Jobless claims in the week ended January 2 were 787,000 when 803,000 were expected.
The 9:00 central time December Institute for Supply Management manufacturing index is anticipated to be 54.6.
Yesterday the U.S. dollar index fell to its lowest level since May 2018, although there has been some recovery.
Longer term, the U.S. dollar is likely to trend lower due to expectations for an extended period of low interest rates and concerns over rising U.S. levels of debt.
Yesterday the euro currency traded at its highest level since May 2018.
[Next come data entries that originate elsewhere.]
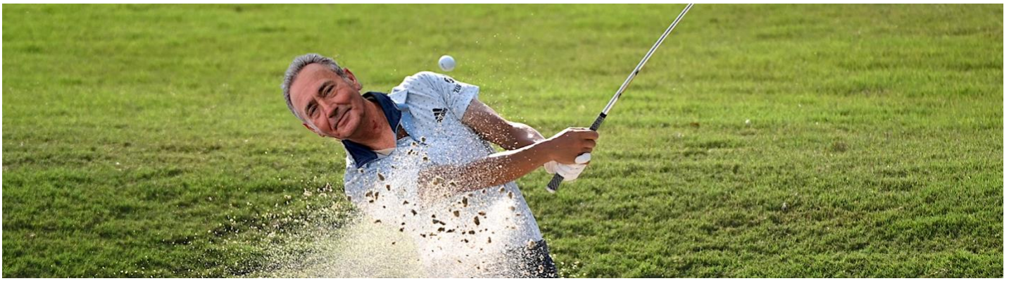
Golffoto van de maand maart: "AMVJ". Ingestuurd door Rick.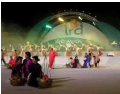
Lô héi trư §µ L't 2006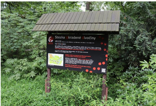
Stežka Ukradené divočiny v Zoo Ostrava

Lucie Čižmářová a její série krvavých fotografií ke kampani Ukradená divočina získaly cenu "Honorable Mention 2018" ve významné celosvětové fotografické soutěži International Photography Awards (IPA). Oceněné fotografie a jejich příběh jsou k vidění zde .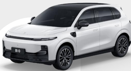
BIELA LIGHT € 750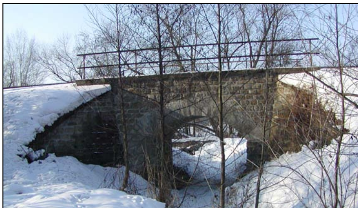
Most v km 77,217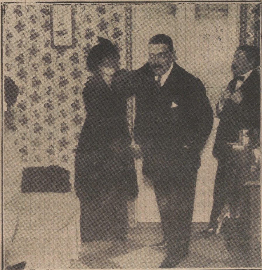
Una «detective» aprendiendo un medio de defensa personal.

Sonreímos con aire de incredulidad, como diciendo: ¡Vamos, las señoritas esas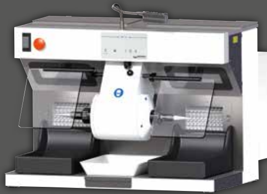
WP-Ex 2000 II mit Sonderzubehör Tageslicht-LED-Spot und Ansaugschutzgitter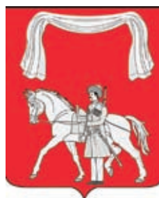
Ильинское СП ГГР РФ - № 7652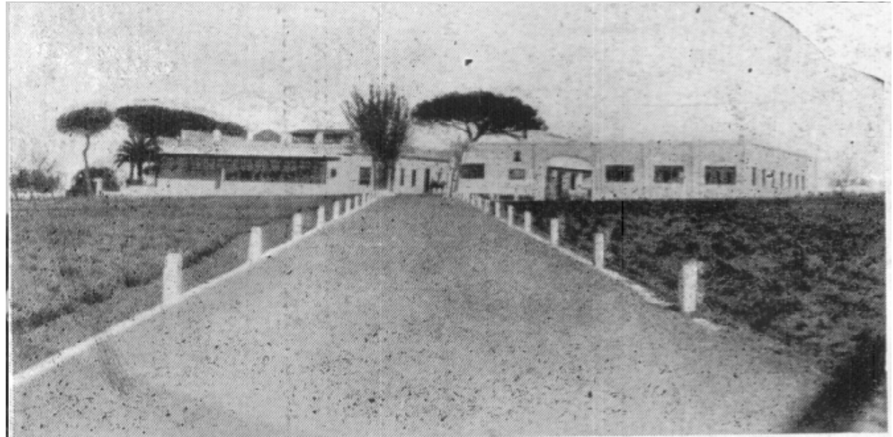
El camino de acceso a las edificaciones en la fecha de la inauguración.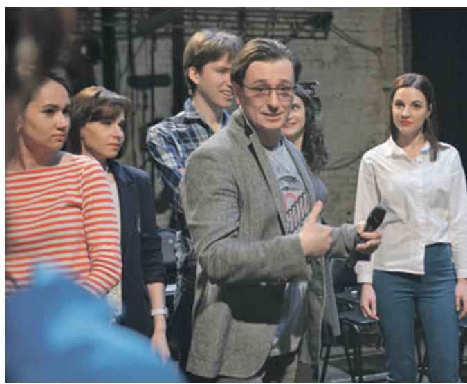
13 марта 2019 года 13:20 Сергей Безруков проводит мастер-класс по актерскому мастерству для журналистов

Народный артист России, художественный руководитель Московского губернского театра Сергей Безруков провел мастер-класс по актерскому мастерству для журналистов.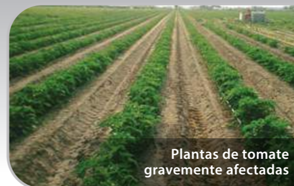
Plantas de tomate gravemente afectadas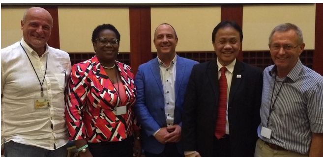
Des experts en EFTP au 11ème Forum de dialogue politique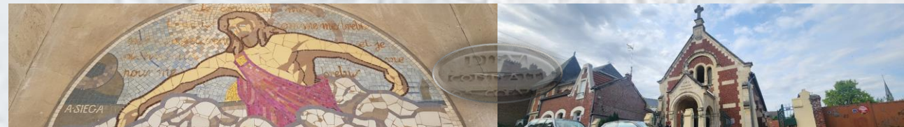
Église évangélique baptiste de Chauny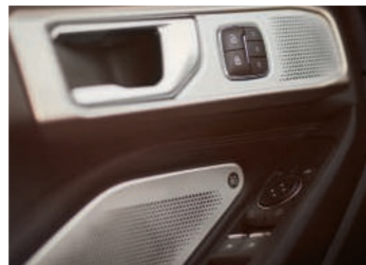
B&O Sound System mit 980 Watt und 14 Lautsprechern

The euro is lower today despite news that new orders for German manufactured goods unexpectedly increased 2.3% in November, following an upwardly revised 3.3% jump in October and beating market expectations of 1.2% decline. It is the seventh straight month of rising factory orders.
In addition, the Economic Sentiment Indicator in the euro area increased by 2.7 points from the previous month to 90.4 in December 2020. The market consensus was 90.0.
There are expectations that the Bank of England will be announcing more policy easing in the coming months. Financial futures markets now are predicting the central bank could take interest rates into negative territory as early as May.
INTEREST RATE MARKET FUTURES
Futures are steady to higher at the front of the curve and are lower at the long end of the curve with the 30-year Treasury bond futures falling to the lowest since March 2020.
Federal Reserve speakers today are James Bullard at 11:00, Charles Evans at 12:00 and Mary Daly at 2:00.
Financial futures markets are predicting there is a 95.2% probability that the Federal Open Market Committee will keep its key fed funds rate unchanged at 0 to 25 basis points at its January 27, 2021 policy meeting.
In the months ahead the yield curve is likely to steepen, which would put pressure on futures at the long end of the curve, especially the 30-year Treasury bond futures, while futures at the short end of the curve are likely to hold steady.